Reputation: 37
I have a Json file that looks like this
{
"tags": [
{
"1": "NpProgressBarTag",
"2": "userPath",
"3": "screen",
"4": 6,
"12": 9,
"13": "buttonName",
"16": 0,
"17": 10,
"18": 5,
"19": 6,
"20": 1,
"35": 1,
"36": 1,
"37": 4,
"38": 0,
"39": "npChannelGuid",
"40": "npShowGuid",
"41": "npCategoryGuid",
"42": "npEpisodeGuid",
"43": "npAodEpisodeGuid",
"44": "npVodEpisodeGuid",
"45": "npLiveEventGuid",
"46": "npTeamGuid",
"47": "npLeagueGuid",
"48": "npStatus",
"50": 0,
"52": "gupId",
"54": "deviceID",
"55": 1,
"56": 0,
"57": "uiVersion",
"58": 1,
"59": "deviceOS",
"60": 1,
"61": 0,
"62": "channelLineupID",
"63": 2,
"64": "userProfile",
"65": "sessionId",
"66": "hitId",
"67": "actionTime",
"68": "seekTo",
"69": "seekFrom",
"70": "currentPosition"
}
]
}
I tried to create a dataframe using
val path = "some/path/to/jsonFile.json"
val df = sqlContext.read.json(path)
df.show()
when I run this I get
df: org.apache.spark.sql.DataFrame = [_corrupt_record: string]
How do we create a df based on contents of "tags" key? all I need is, pull data out of "tags" and apply case class like this
case class ProgLang (id: String, type: String )

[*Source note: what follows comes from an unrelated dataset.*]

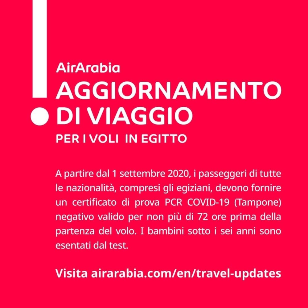 compagnie aeree, rotte Test Covid-19 per tutti richiesto a chi entra in Egitto dal 1 settembre Pubblicato da Italiavola il 28 agosto 2020 Dal 1 settembre per entrare in Egitto servirà’ un certificato Covid-19 negativo. Il test dovrà essere stato fatto ed essere negativo non più di 72 ore prima della partenza del volo. Esenti i bambini sotto i sei anni. Condividi: Fai clic per condividere su Facebook (Si apre in una nuova finestra) Facebook Fai clic qui per condividere su LinkedIn (Si apre in una nuova finestra) LinkedIn Fai clic qui per condividere su Reddit (Si apre in una nuova finestra) Reddit Fai clic qui per condividere su Pinterest (Si apre in una nuova finestra) Pinterest Fai clic qui per condividere su Tumblr (Si apre in una nuova finestra) Tumblr Fai clic per condividere su X (Si apre in una nuova finestra) X Mi piace Caricamento... Correlati

I need to convert this json data into dataframe with Two Column names .toDF(id, Type) Can anyone shed some light on this error?
Upvotes: 0
Views: 1373
Reputation: 11479
try following code if your json file not very big
val spark = SparkSession.builder().getOrCreate()
val df = spark.read.json(spark.sparkContext.wholeTextFiles("some/path/to/jsonFile.json").values)
Upvotes: 0
Reputation: 5891
val path = "some/path/to/jsonFile.json"
spark.read
.option("multiLine", true).option("mode", "PERMISSIVE")
.json(path)
Upvotes: 0
Reputation: 22895
You may modify the JSON using Circe.
Given that your values are sometimes Strings and other times Numbers, this was quite complex.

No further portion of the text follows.